**SOURCE DATA**:
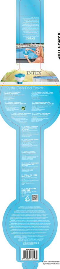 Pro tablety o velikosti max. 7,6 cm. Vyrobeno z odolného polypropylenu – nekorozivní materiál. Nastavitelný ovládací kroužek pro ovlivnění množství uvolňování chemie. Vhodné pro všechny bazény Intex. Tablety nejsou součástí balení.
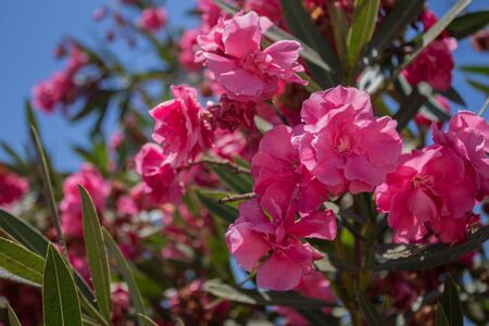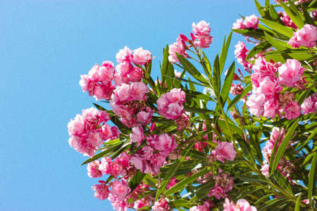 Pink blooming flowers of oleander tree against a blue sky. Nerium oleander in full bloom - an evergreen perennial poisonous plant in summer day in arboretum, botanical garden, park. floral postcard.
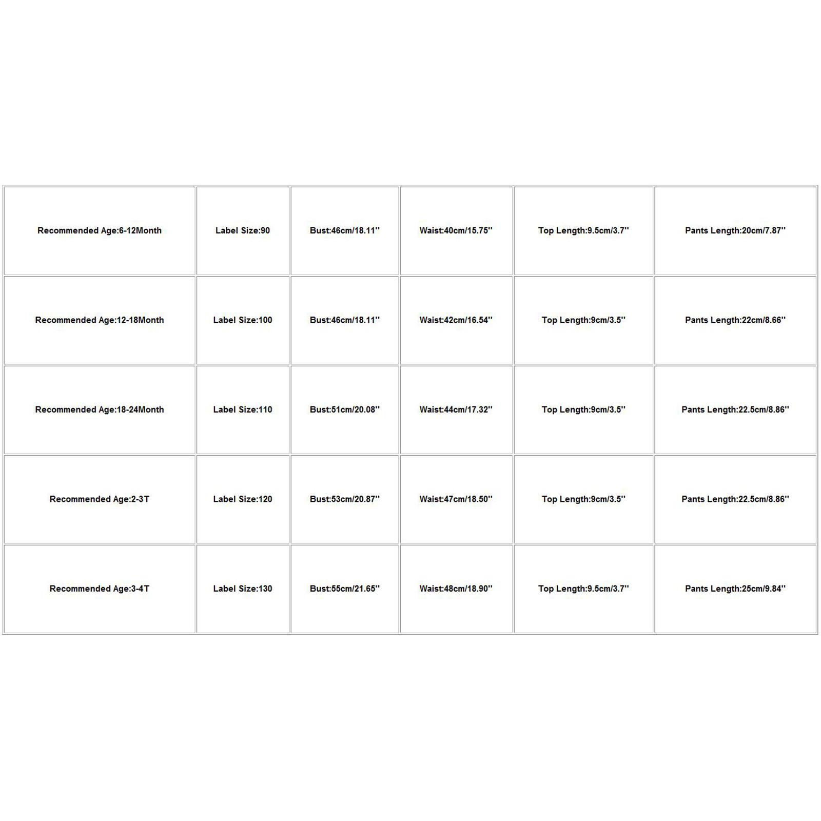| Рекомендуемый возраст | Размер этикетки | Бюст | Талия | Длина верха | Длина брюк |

* * *

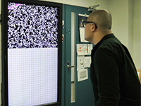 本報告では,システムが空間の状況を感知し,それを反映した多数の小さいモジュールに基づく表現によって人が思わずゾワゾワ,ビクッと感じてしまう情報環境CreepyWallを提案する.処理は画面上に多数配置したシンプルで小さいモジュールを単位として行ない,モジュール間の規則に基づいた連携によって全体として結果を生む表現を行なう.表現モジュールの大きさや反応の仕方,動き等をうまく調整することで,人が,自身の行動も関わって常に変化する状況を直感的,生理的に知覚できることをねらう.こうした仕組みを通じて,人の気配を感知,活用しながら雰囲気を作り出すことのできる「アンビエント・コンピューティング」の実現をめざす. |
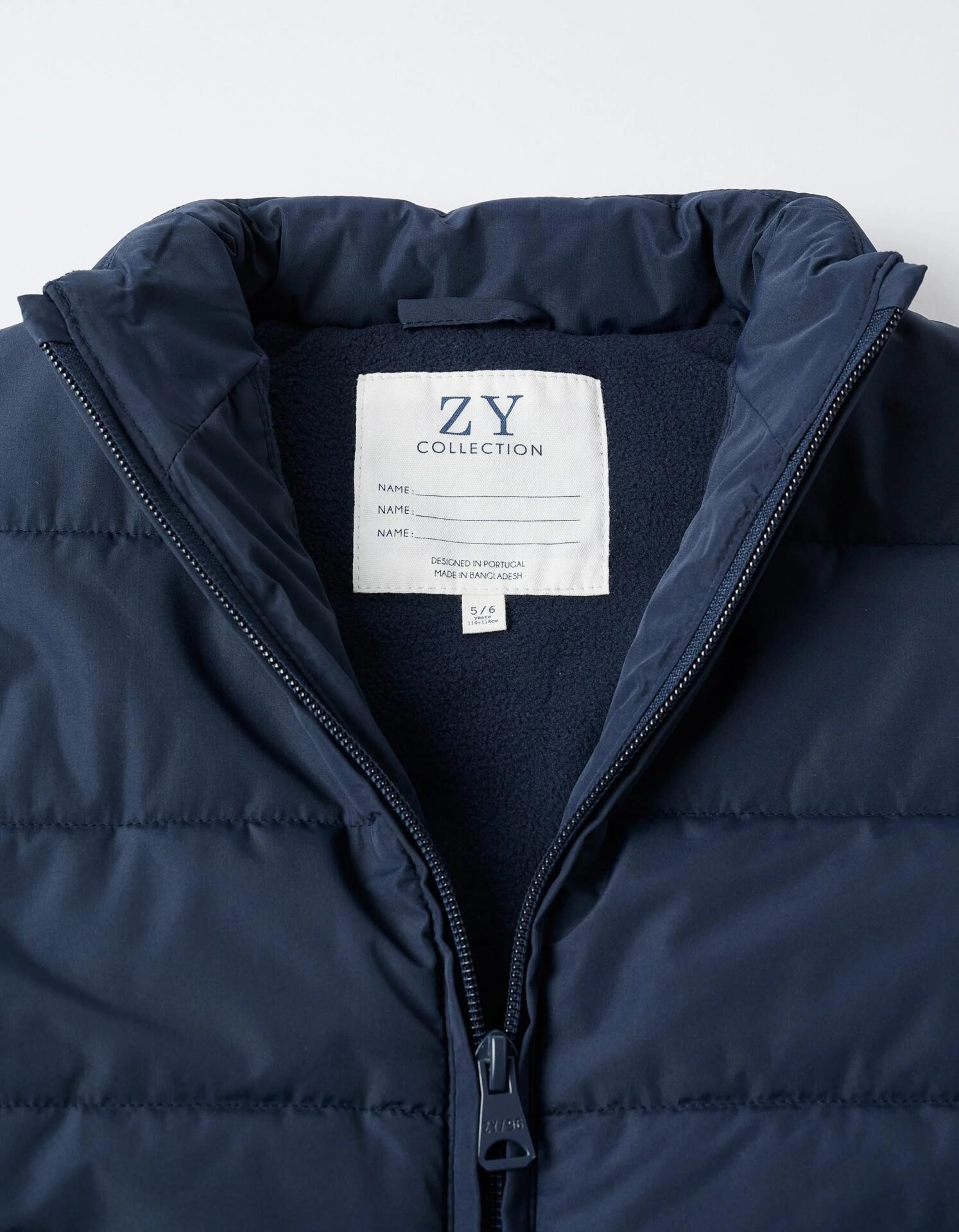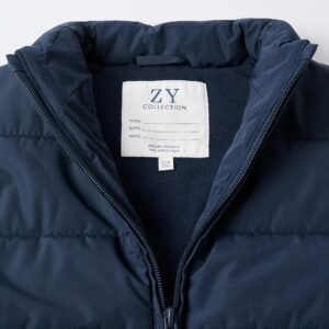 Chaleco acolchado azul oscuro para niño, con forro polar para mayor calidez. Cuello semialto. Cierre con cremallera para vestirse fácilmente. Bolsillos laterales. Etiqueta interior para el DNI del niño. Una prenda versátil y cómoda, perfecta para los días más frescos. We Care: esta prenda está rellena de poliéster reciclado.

**EXERCISE**: Keep to the stretch from the line containing "Pro tablety o" through the line containing "Длина брюк |", both ends included, and copy it exactly from the listing above, minus the pictures.

**OUTPUT**:
 Pro tablety o velikosti max. 7,6 cm. Vyrobeno z odolného polypropylenu – nekorozivní materiál. Nastavitelný ovládací kroužek pro ovlivnění množství uvolňování chemie. Vhodné pro všechny bazény Intex. Tablety nejsou součástí balení.
 Pink blooming flowers of oleander tree against a blue sky. Nerium oleander in full bloom - an evergreen perennial poisonous plant in summer day in arboretum, botanical garden, park. floral postcard.
| Рекомендуемый возраст | Размер этикетки | Бюст | Талия | Длина верха | Длина брюк |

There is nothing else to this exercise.